A unit owner recently brought a condominium corporation to court for the alleged failure of the corporation to disclose records of the corporation pursuant to section 55 of the Condominium Act in Stewart v. Toronto Standard Condominium Corporation No. 1591. In particular, the owner claimed (under section 55) for the following:
- Production of the minute-taker’s personal notes from the corporation’s AGM;
- That the AGM minutes were inaccurate and the minute-taker’s draft minutes had been improperly revised by the Board;
- A penalty of $500.
After a full trial on the matter, the claim was dismissed by the Court. The Court said that “the notes of the note-taker are a work-product and not a record” for the purposes of Section 55. The Court also said that the term “records” does not include “drafts, work in progress, rough copies, et cetera”.

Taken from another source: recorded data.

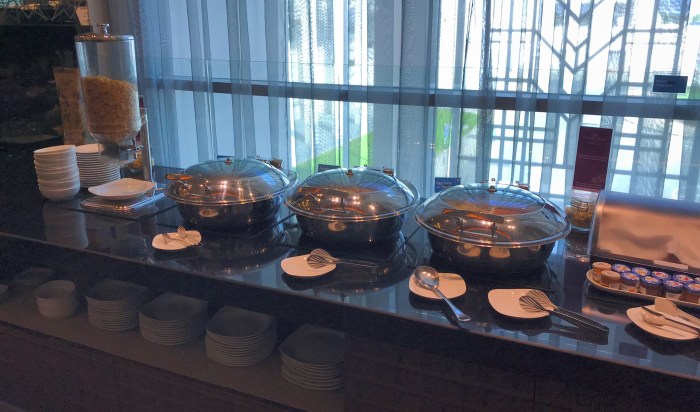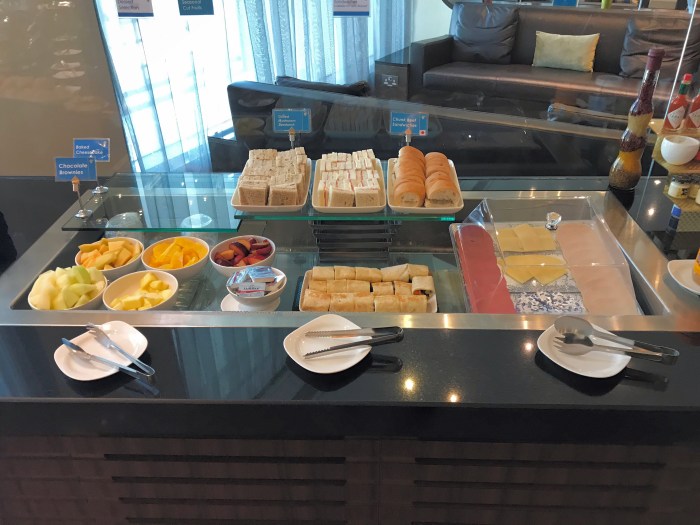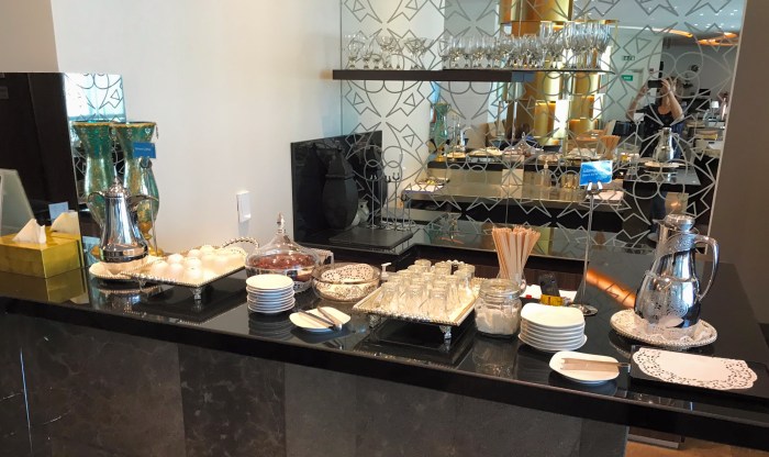 Ankunft am Flughafen ohne weitere Vorkommnisse. Das Gepäck sind wir schnell los. Auch die Sicherheitskontrolle bringen wir flott hinter uns. Und so bleibt uns viel Zeit für das Highlight des Morgens. Maria hat Zugang zur Business Lounge von Oman Air und darf einen Gast mitbringen: mich. Herzlichen Dank noch einmal an dieser Stelle! Das Frühstück hier ist um etliche Klassen besser als im Hotel. Und so lassen wir es uns kulinarisch und atmosphärisch gut gehen. Gebt es ruhig zu: da hättet ihr doch auch gerne eine Runde mitgefuttert, oder?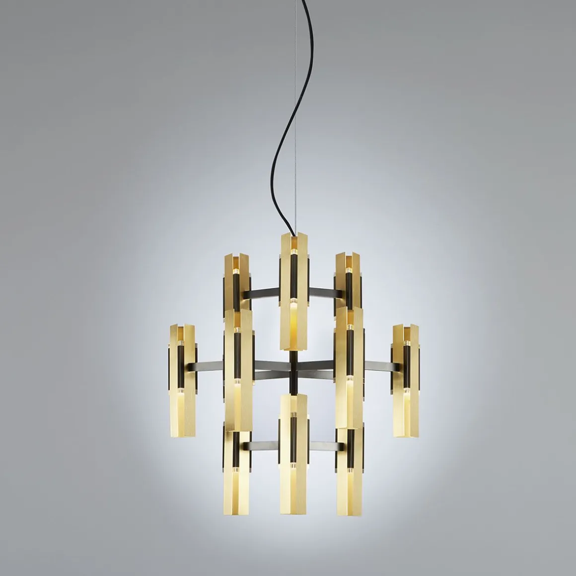 Exclalibur 559.12 de Tooy est une suspension d’inspiration légèrement déco avec une base triangulaire. Le corps principal est en revêtement noir et la lumière est répartie à travers 2 prismes en plexiglas, tout ceci enveloppé dans 3 feuilles de laiton brossé rectangulaires.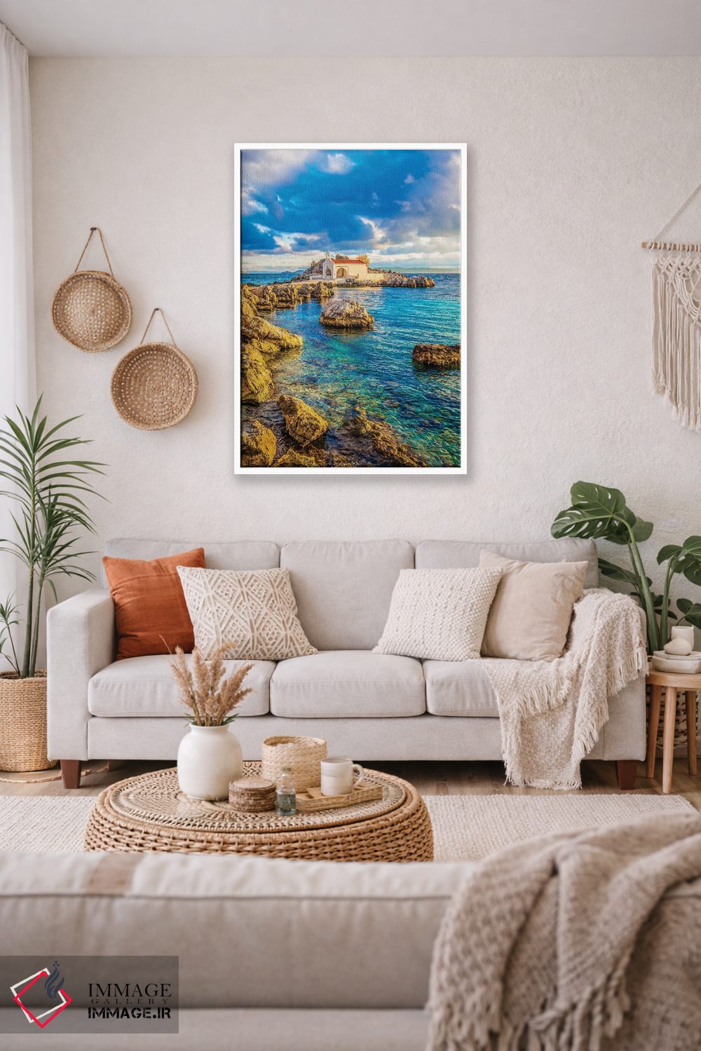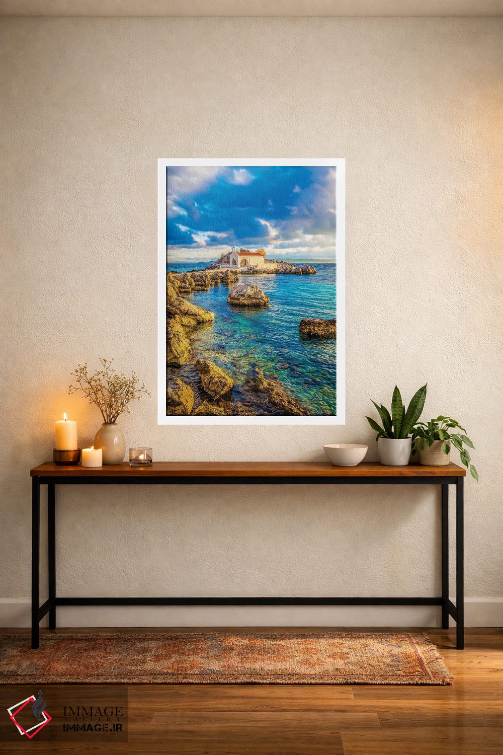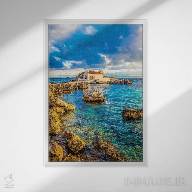 تابلو دکوراتیو جزیره خیوس اثر نجدت دوزن - نمای قاب‌دار سفید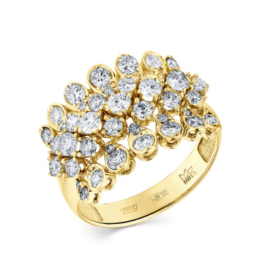 Кольцо с 5 бриллиантами природными, 0.39 карат, огранка круг 57 граней, цвет 3, чистота 5, тип огранки А; 6 бриллиантами природными, 0.33 карат, огранка круг 57 граней, цвет 3, чистота 5, тип огранки А; 14 бриллиантами природными, 0.61 карат, огранка круг 57 граней, цвет 3, чистота 5, тип огранки А; 4 бриллиантами природными, 0.13 карат, огранка круг 57 граней, цвет 3, чистота 5, тип огранки А; 4 бриллиантами природными, 0.1 карат, огранка круг 57 граней, цвет 3, чистота 5, тип огранки А; 6 бриллиантами природными, 0.04 карат, огранка круг 57 граней, цвет 3, чистота 5, тип огранки А; 8 бриллиантами природными, 0.02 карат, огранка круг 57 граней, цвет 3, чистота 5, тип огранки А; Желтое золото 585 пробы.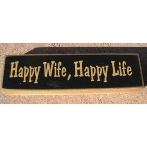 pb6142b-Happy Wife, Happy Life wood block, measures 5 1/2 inches long by 1 1/2 inches high, black with mustard gold letters. Handmade in America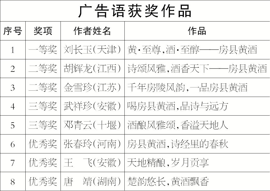 本报讯 (通讯员孙婷婷 施桥员) 近日,由县黄酒产业发展中心和县文联主办的“房县黄酒广告语和logo(形象标识)征集”活动圆满落幕。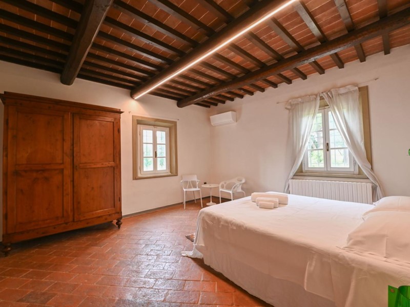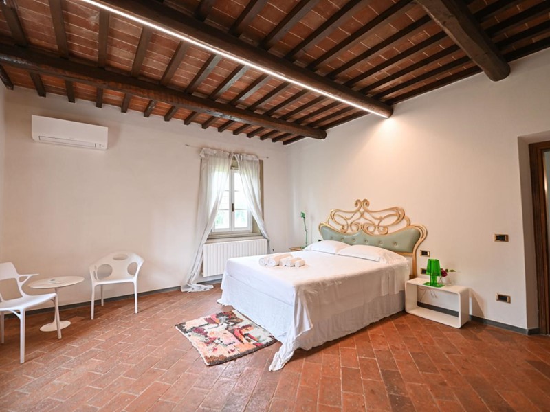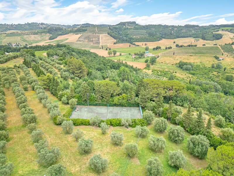 SAN MINIATO: RUSTICO/CASALE - Bellissima dimora inserita nella campagna Toscana tra San Miniato Pisa e Firenze. Circondata da ampio parco con piscina e campo da tennis oltre terreno agricolo di oltre 15 ettari. Situata su di un poggio gode di una vista panoramia a 360 gradi. L’edificio presenta rifiniture di pregio con tanto di torretta, pavimenti in cotto dell'impruneta, soffitti con travi in legno e mezzane, cucina in muratura, i rivestimenti dei marmi in pregiato marmo di Carrara. Gli infissi esterni sono in legno con doppi vetri e le scale sono in pietra, impianto di allarme. Il fabbricato ha subito un'importante ristrutturazione ed è adibito attualmente a struttura ricettiva. Si compone di due piani fuori terra oltre locale lavanderia e monolocale con ingresso indipendente e bagno. L'ingresso principale, con esposizione sud, si raggiunge dal carrabile tramite vialetto. Si entra nella dimora attraverso un importante ingresso, sul quale si affacciano a sinistra: zona pranzo dotata di ampio camino, cucina abitabile, a destra: due saloni di cui uno dotato di camino e, alla fine del corridoio, un comodo bagno. Dalla cucina si accede al grande e caratteristico porticato toscano, lato nord ovest, in cui è presente un bellissimo forno a legna per pranzi e cene all'aperto. L’abitazione è dotata anche di ingresso sul retro. Le scale conducono al piano superiore dove sono presenti quattro ampie camere matrimoniali di cui una dotata di bagno, altro bagno e uno studio. In corrispondenza della grande camera, sul lato est, è presente un ulteriore vano al piano secondo al grezzo, con possibilità di ampliamento. Il terreno che circonda la proprietà è dotato di due pozzi. Boschi, oliveti e frutteti a perdita d'occhio. OTTIMA soluzione per godere il meglio della campagna Toscana e i frutti della sua terra! Interessante proposta immobiliare come abitazione o come attività ricettiva! Prenota subito un sopralluogo! Classe energetica: G - Rif. 101P

The Court also said that the Board’s minor adjustments to the draft minutes were not improper. The Court added the following; “the minutes are intended to be an accurate summary of the events that took place not a verbatim transcript.”

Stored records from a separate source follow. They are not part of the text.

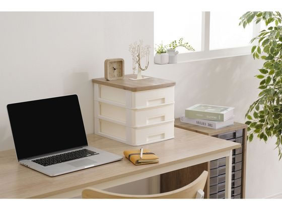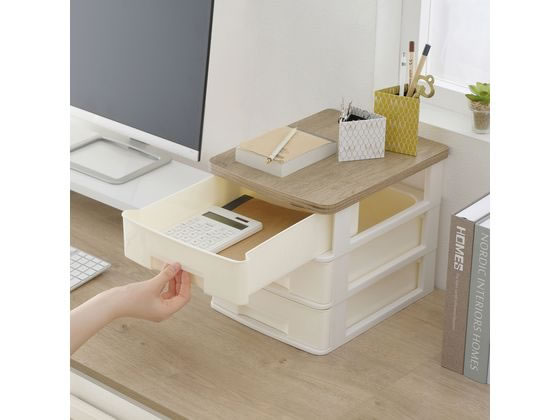 アイリスオーヤマ ウッドトップデスクチェスト アッシュブラウン アイボリー 1台(ご注文単位1台)【直送品】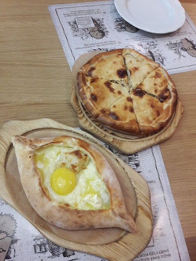 Read moreМесто необычное. Почти год посещая ТЦ ауру наблюдали очередь в данное заведение. В воскресенье утром попали без очереди, на входу вас встречают приветливо и провожают к столикам паралельно рассказывая о новых и популярных блядах. В меню на первых и последних страницах вы найдете историю создания и способы поедания разных блюд. Само меню очень разнообразное, много разных блюд с иллюстрациями но часть из них имеет только название, по которому не понятно из чего оно состоит. Хотелось бы подробнее узнать чьё мясо будет в пироге. Из трёх блюд: хачапури из телятины, пирог с фермерским цыплёнком оказались безвкусными. Как мне показалось нет ни соли ни перца, ты просто поедешь пирожок с мясом. Но вот химкали в овощном соусе оказались великолепны. Выглядит точно как на картинке. Все блюда предались руками, ножи на столе оказались бесполезными. В целом дизайн заведения очень хорошим, под старину с пошоркостями и мазками штукатурки на зеркалах. Возможно в этой кухне надо заказывать более острые блюда чтобы понять всю радость и...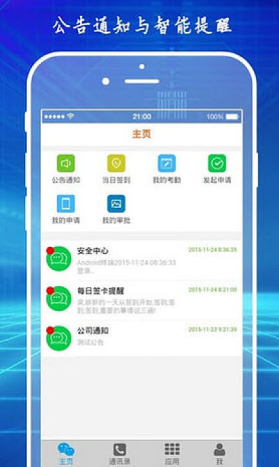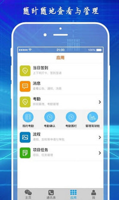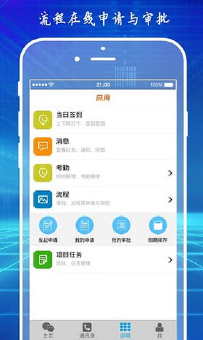 3.一线员工通过移动应用解决申请难,查看难。功能涵盖:手机定位签到、任务管理、差勤申请、加班申请、任务审批、排班查询、消息推送、工时查询、假期查询等功能。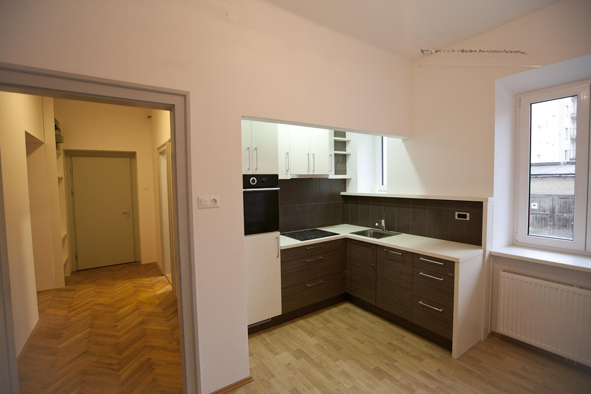 Квартира находится на возвышенном первом этаже из трех и имеет рациональное распределение пространства: просторная гостиная, изолированная кухня с местом для обедов, спальня, ванная изолирована от туалета. Каждый уголок квартиры доступен из коридора, где сохранился оригинальный паркет, придающий жилью уют и индивидуальность. В распоряжении жильцов также есть подвал для хранения.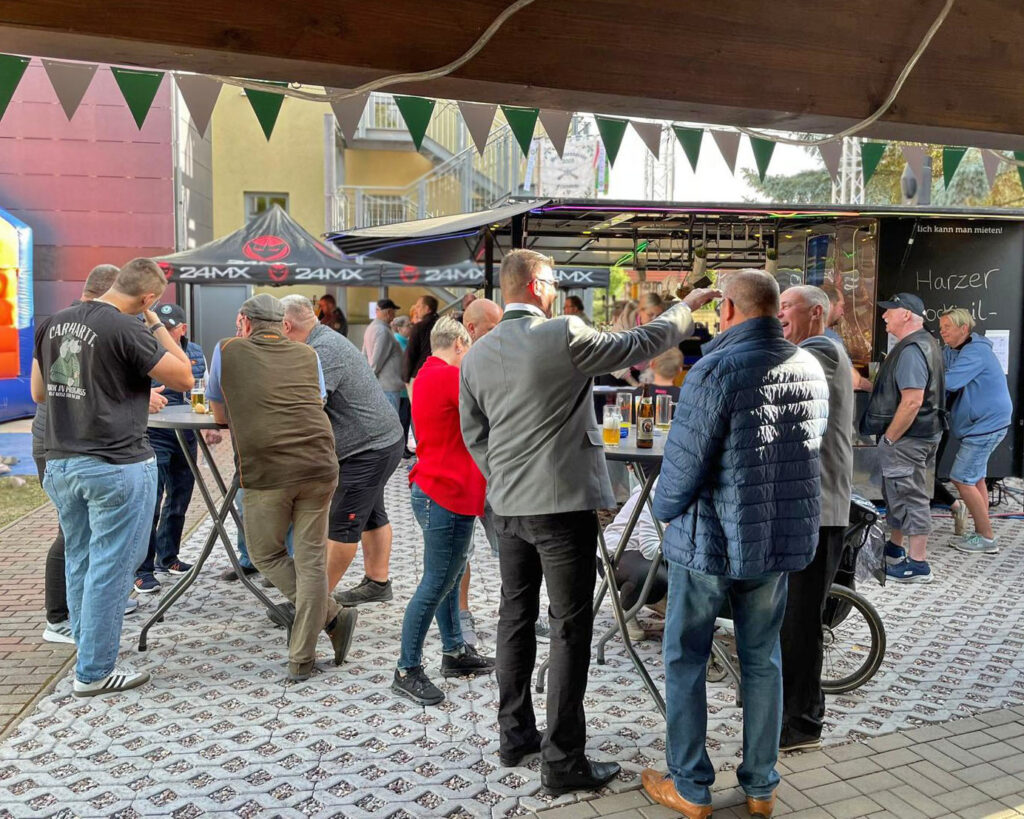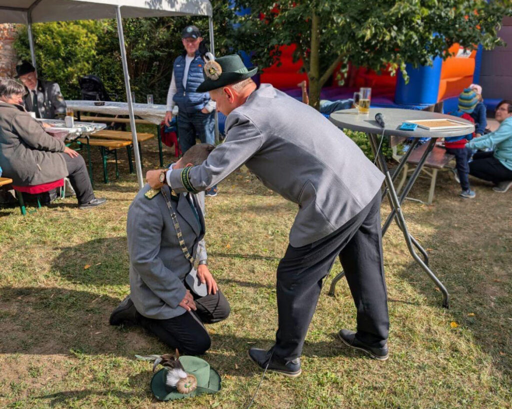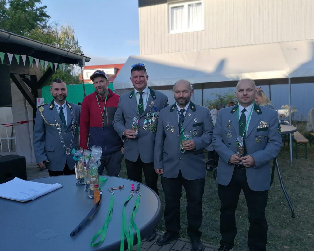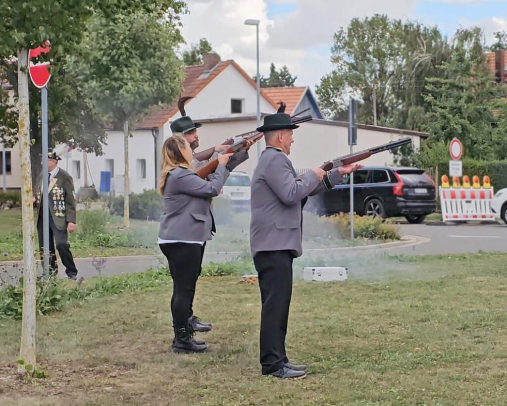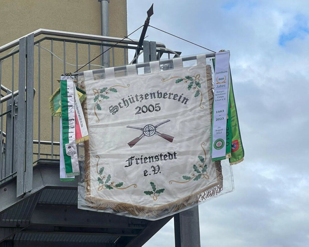 Vereinswappen vom - bestehend aus zwei gekreuzten Gewehren. Dahinter einer Zielscheibe und an beiden Seiten geschwungene Zweige einer Eiche. Darüber und darunter ist Schützenverein Frienstedt 2005 e.V. in gebrochener (alter) Schrift.

This case confirms that documents that are considered to be in draft form, or that are otherwise a “work in progress”, do not constitute “records” of the Corporation within the meaning of section 55 of the Act. This would appear to suggest that only once a document is in “final” form does it constitute a “record” of the Corporation. This being said, in our view, it is nonetheless possible that some types of “draft” documents (such as draft reserve fund studies) might be considered to be records of the Corporation. This however, would depend upon the situation.
The Court in this case also took issue with the fact that, “it also became evident that being critical and looking for ways to find the board to be negligent has become a sport for (the owner)”. The Court said that the plaintiff’s requests amounted, in this case, to a “pure fishing expedition, without evidence to support his suspicion of impropriety by the members of the board of revising, to their benefit, the minutes that were taken at the annual general meeting held on June 22nd, 2011”.

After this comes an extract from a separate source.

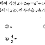 모든 실수 \(a\) 에 대하여 직선 \(x+2ay=a^2 +1\) 이 지나지 않는 영역을 \(A\) 라 하자. 영역 \(A\) 중에서 \(x \ge 0\) 인 부분을 \(y\) 축의 둘레로 회전하여 생긴 회전체의 부피는? ① \(\dfrac{3}{4}\pi\) ② \(\pi\) ③ \(\dfrac{16}{15}\pi\) ④ \(\dfrac{6}{5}\pi\) ⑤ \(\dfrac{4}{3}\pi\) 정답 ③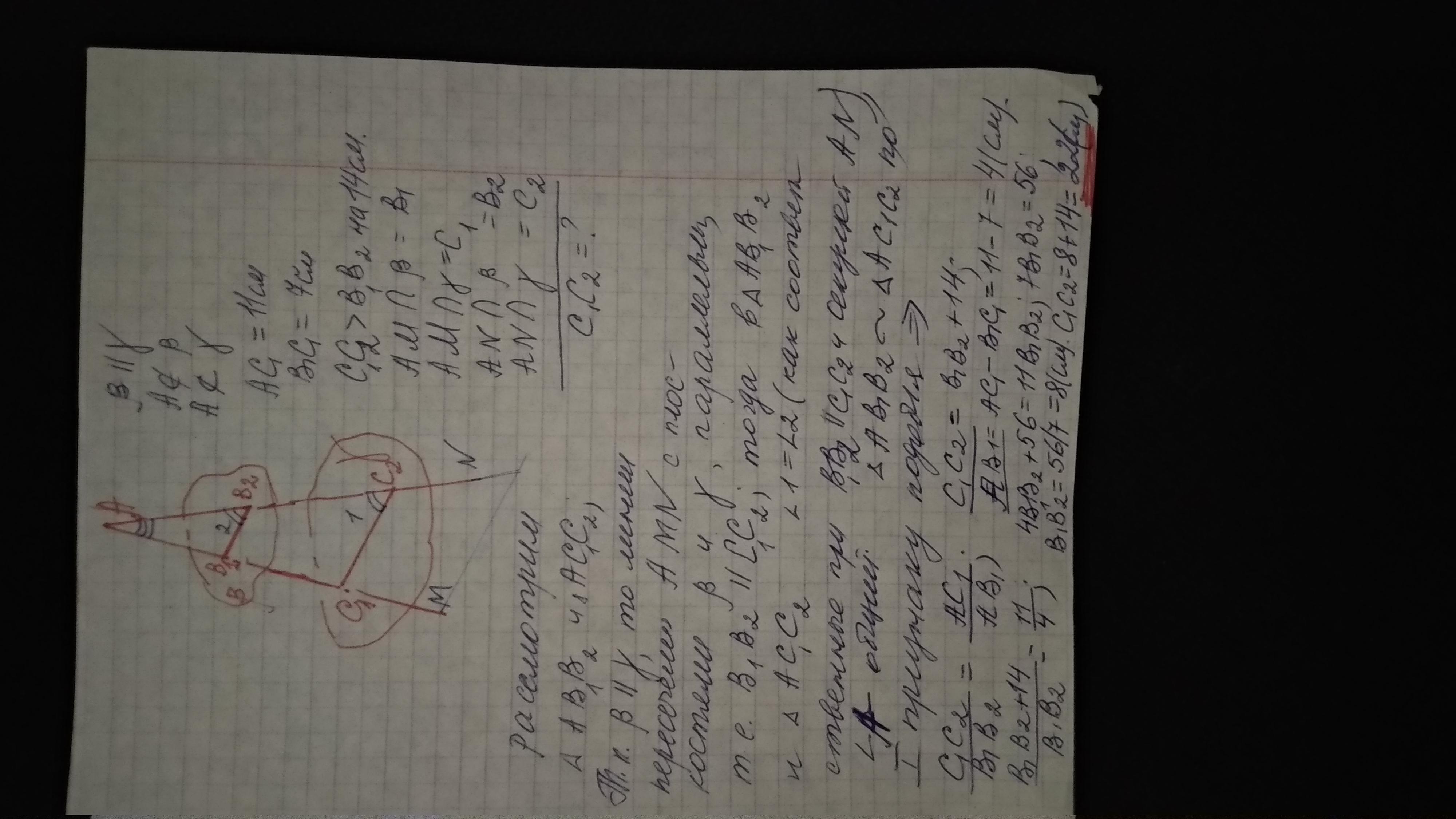 Плоскость β и γ параллельны . Из точки А , которая не принадлежит этим плоскостям и не находится между ними, проведены два луча. Один из них пересекает плоскости β и γ в точках В1 и С1, а другой – в точках В2 и С2 соответственно, АС1 = 11 см, В1С1 = 7 см. Найдите отрезок С1С2, если он на 14 см больше отрезка В1В2.

The Court awarded costs to the condominium corporation that were higher than the normal costs permitted in Small Claims Court. The Court took particular issue with the plaintiff’s behavior and conduct towards the condominium corporation in the context of the claim and otherwise, and found the following:
“They have the luxury of time to do nothing but find ways to criticize the actions of the board. You know what, instead of criticizing I would have had more respect for the plaintiff if he had taken the initiative and perhaps had become a board member, or come up with solutions on how to better run the board than to stand on the sidelines and do nothing but criticize. So given that, I am going to use my discretion to impose a higher amount than is typically awarded because I do not want this behavior to continue… I think it does interfere with the functioning and the proper running of the board….”
The Court clearly decided to send a message to the plaintiff that further unfounded and unsupported allegations against the board would not be tolerated by the court.